▶ [INFORMATION SHOWN]

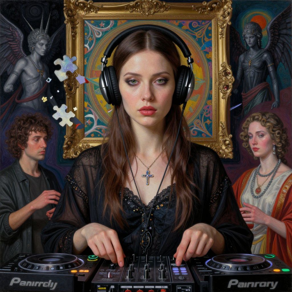 Digital artwork depicting a fair-skinned woman with long brown hair, wearing black headphones and a black lace top, mixing music on a Panracy DJ console. She has a cross necklace and a focused expression. Background features a golden framed, colorful, circular design and two winged angelic figures in dark, classical attire. A curly-haired woman in a red and white dress stands to her right, while a curly-haired man in black stands to her left. White puzzle pieces float near her head. The image combines elements of classical and modern styles.
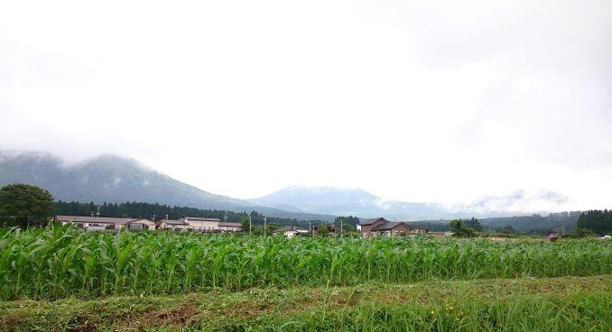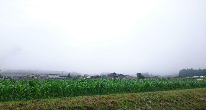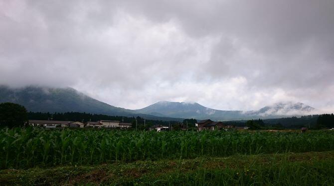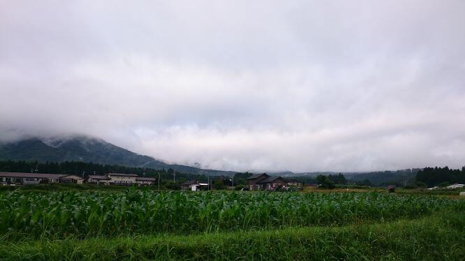 この日の朝の幸ヶ丘三岳です。雲霧・・・仁左衛門(失礼しました(^_^;)) 雲や霧に覆われていてなかなか全体を見せてくれません。手前のトウモロコシはずいぶんと大きくなりましたね。この日の夕方くらいからまた雨の予報です・・・。
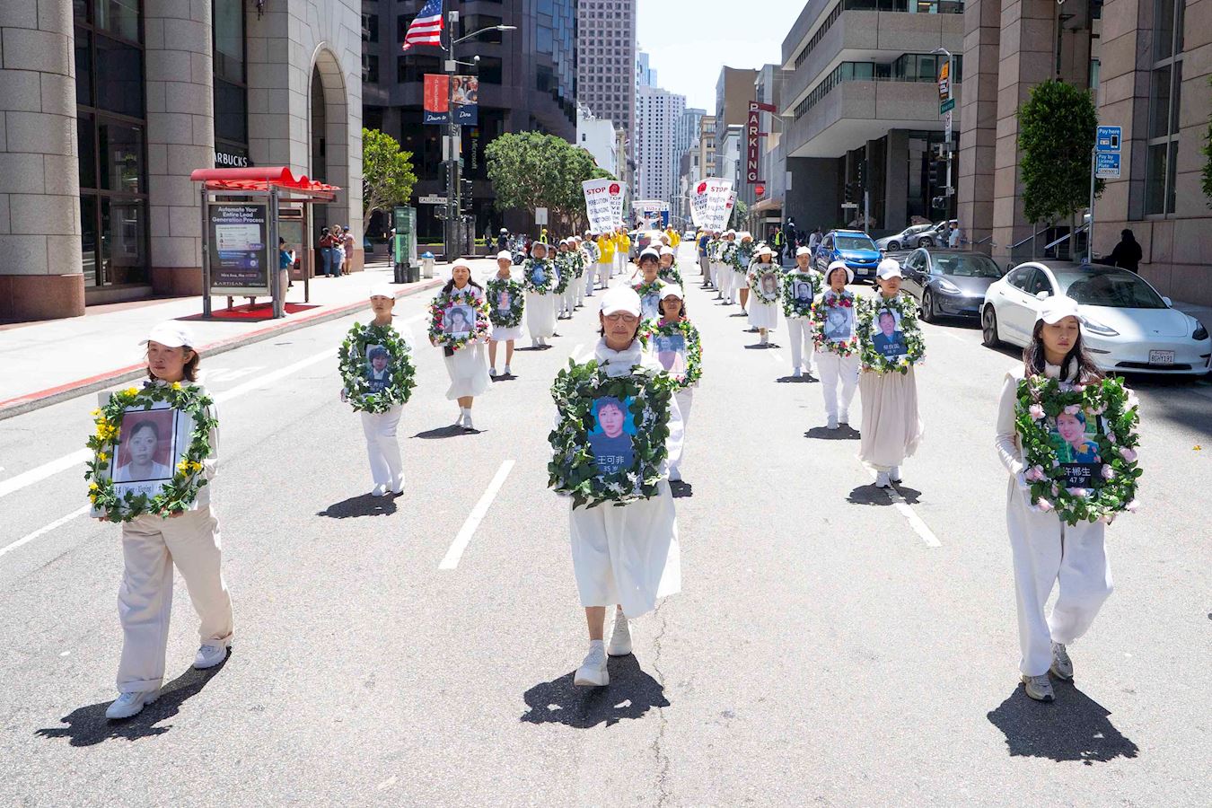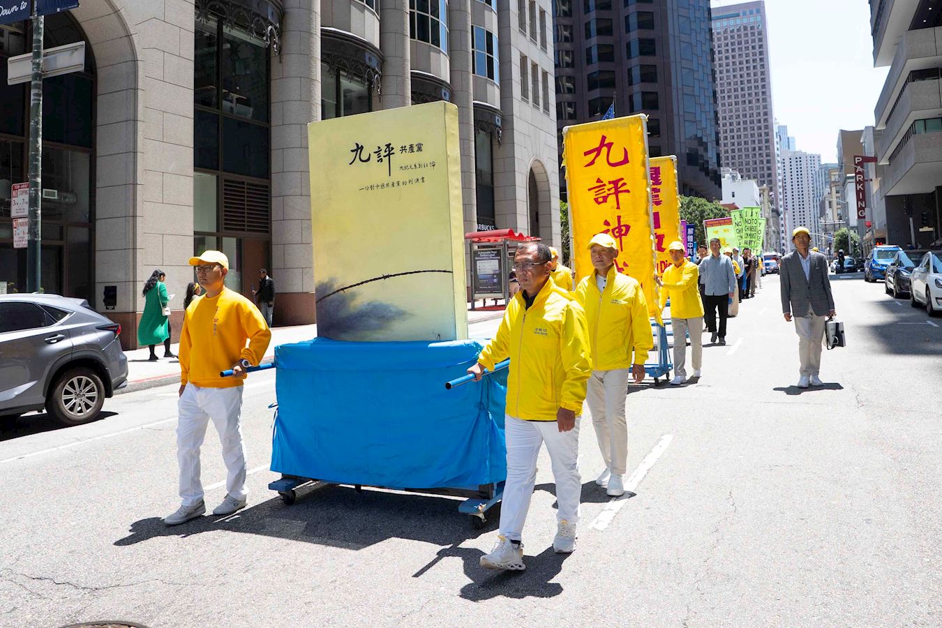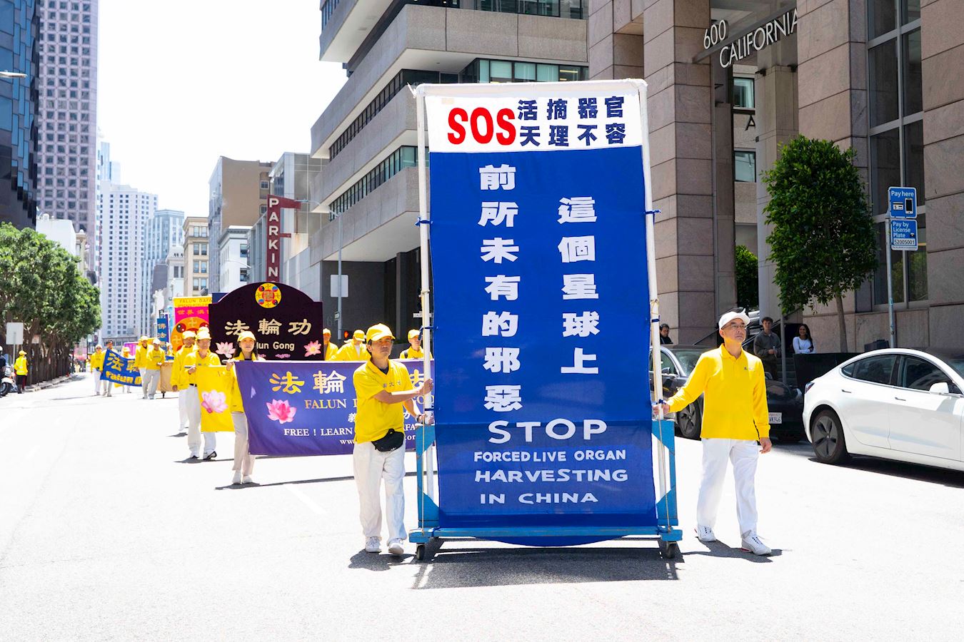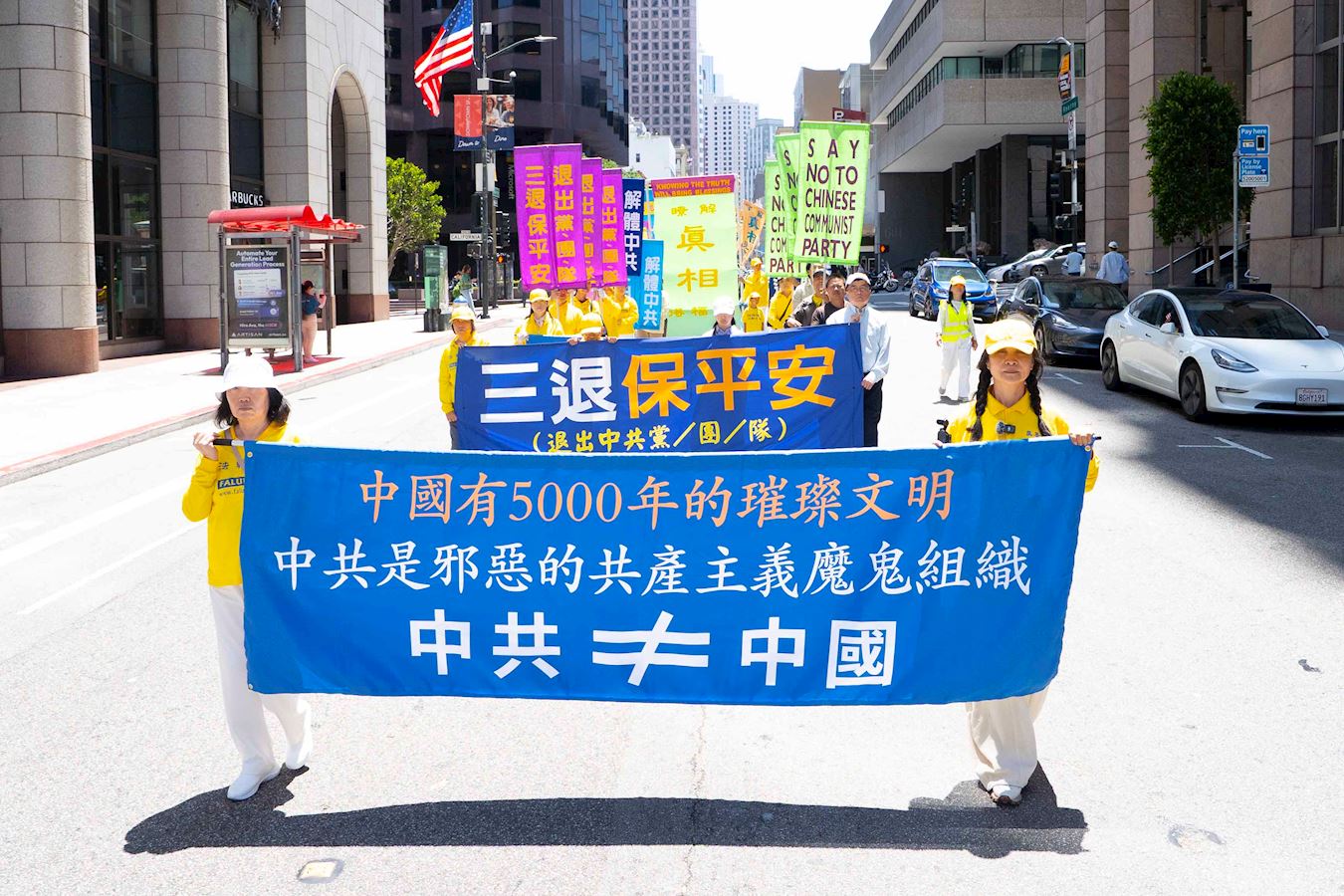 上午十二点,法轮功学员举行的游行,从渡轮大厦出发,沿着市场街、经过市区主要街道,到达唐人街花园角广场(Portsmouth Square)。

▶ [WORK REQUIRED] Word for word, print the material above, but without its pictures.

▶ [SOLUTION TO THIS EXERCISE]
 Digital artwork depicting a fair-skinned woman with long brown hair, wearing black headphones and a black lace top, mixing music on a Panracy DJ console. She has a cross necklace and a focused expression. Background features a golden framed, colorful, circular design and two winged angelic figures in dark, classical attire. A curly-haired woman in a red and white dress stands to her right, while a curly-haired man in black stands to her left. White puzzle pieces float near her head. The image combines elements of classical and modern styles.
 この日の朝の幸ヶ丘三岳です。雲霧・・・仁左衛門(失礼しました(^_^;)) 雲や霧に覆われていてなかなか全体を見せてくれません。手前のトウモロコシはずいぶんと大きくなりましたね。この日の夕方くらいからまた雨の予報です・・・。
 上午十二点,法轮功学员举行的游行,从渡轮大厦出发,沿着市场街、经过市区主要街道,到达唐人街花园角广场(Portsmouth Square)。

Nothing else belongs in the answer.